Task brief: Transcribe each record exactly; skip any picture.

(Saved entries)
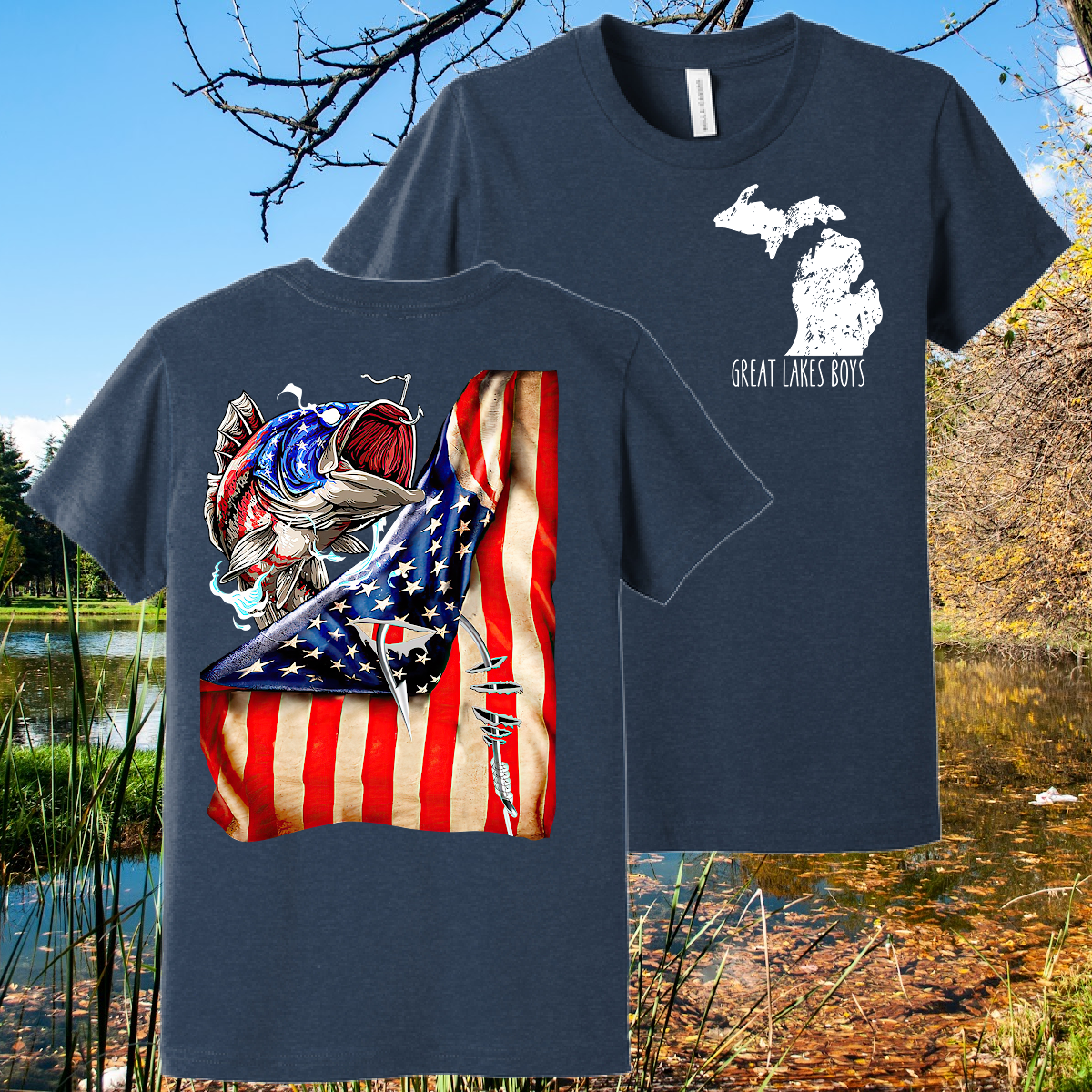 Great Lakes Boys - American Flag Bass Fish Premium Tee (Toddler, Youth & Adult)
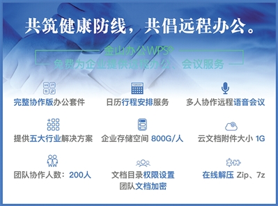 此外,金山办公还为多地政府及医疗机构提供了具备远程办公功能的WPS+产品。截至2月6日,赠送数量已达五万九千余套。2月13日起,黑龙江省齐齐哈尔市政府发起远程办公推广活动,面向该市需要在线协同办公的组织机构推广“WPS+云办公”远程办公,为不同领域的办公人群介绍“WPS+云办公”在抗疫战斗中的操作指南、使用技巧等。金山办公全力支持齐齐哈尔市抗疫工作,保障企事业单位不出门、不耽误工作并提高工作效率。
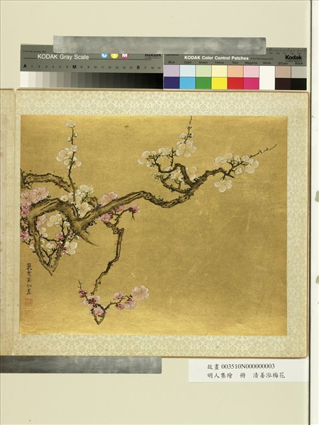 姜泓,畫史無傳,生卒年籍貫均不詳,以畫風論,應當清朝的人。畫梅花,圈瓣、填粉、點蕊,一一出於寫實手法,精細整飾,極得老梅的情狀,惟因畫在金地,強光反映微損色度。
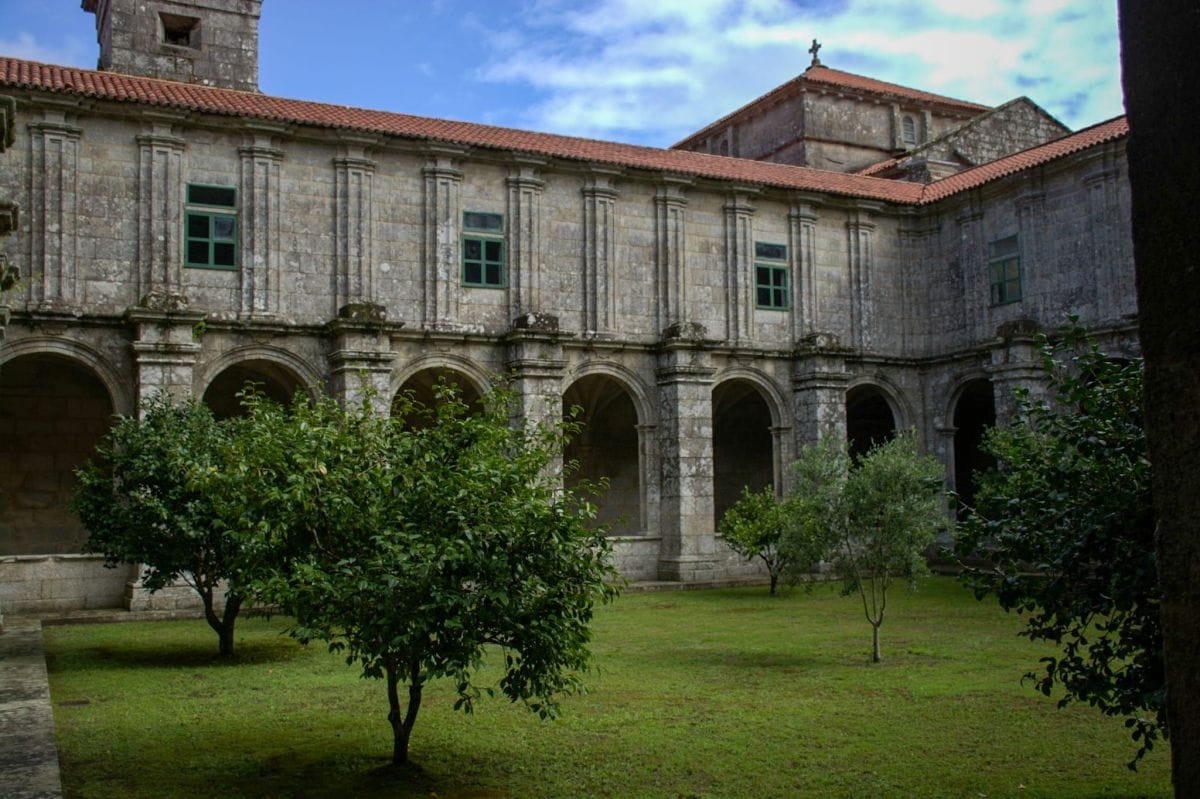 Alcanzamos el monasterio, y nos vamos a visitar su bonito claustro, que puede verse de forma libre, aunque si quieres una visita guiada puedes concertarla llamando a la Oficina de Turismo Rías Baixas.
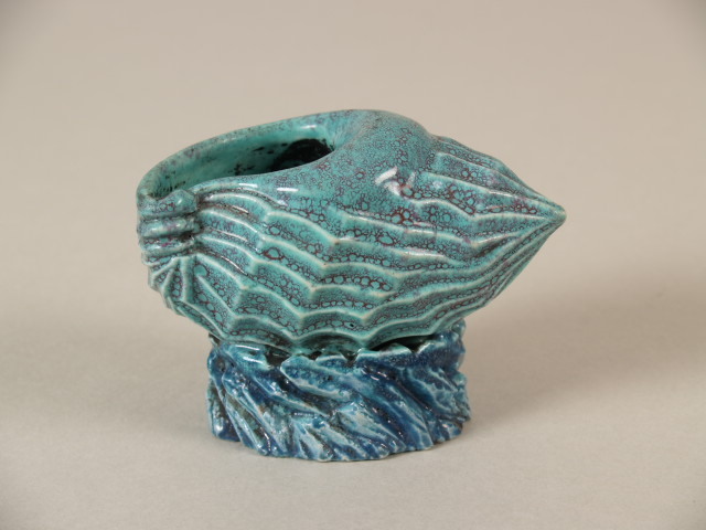 Waterpot in vorm van schelp met robin's egg glazuur (Nederlands)

Problem solution:
 Great Lakes Boys - American Flag Bass Fish Premium Tee (Toddler, Youth & Adult)
 此外,金山办公还为多地政府及医疗机构提供了具备远程办公功能的WPS+产品。截至2月6日,赠送数量已达五万九千余套。2月13日起,黑龙江省齐齐哈尔市政府发起远程办公推广活动,面向该市需要在线协同办公的组织机构推广“WPS+云办公”远程办公,为不同领域的办公人群介绍“WPS+云办公”在抗疫战斗中的操作指南、使用技巧等。金山办公全力支持齐齐哈尔市抗疫工作,保障企事业单位不出门、不耽误工作并提高工作效率。
 姜泓,畫史無傳,生卒年籍貫均不詳,以畫風論,應當清朝的人。畫梅花,圈瓣、填粉、點蕊,一一出於寫實手法,精細整飾,極得老梅的情狀,惟因畫在金地,強光反映微損色度。
 Alcanzamos el monasterio, y nos vamos a visitar su bonito claustro, que puede verse de forma libre, aunque si quieres una visita guiada puedes concertarla llamando a la Oficina de Turismo Rías Baixas.
 Waterpot in vorm van schelp met robin's egg glazuur (Nederlands)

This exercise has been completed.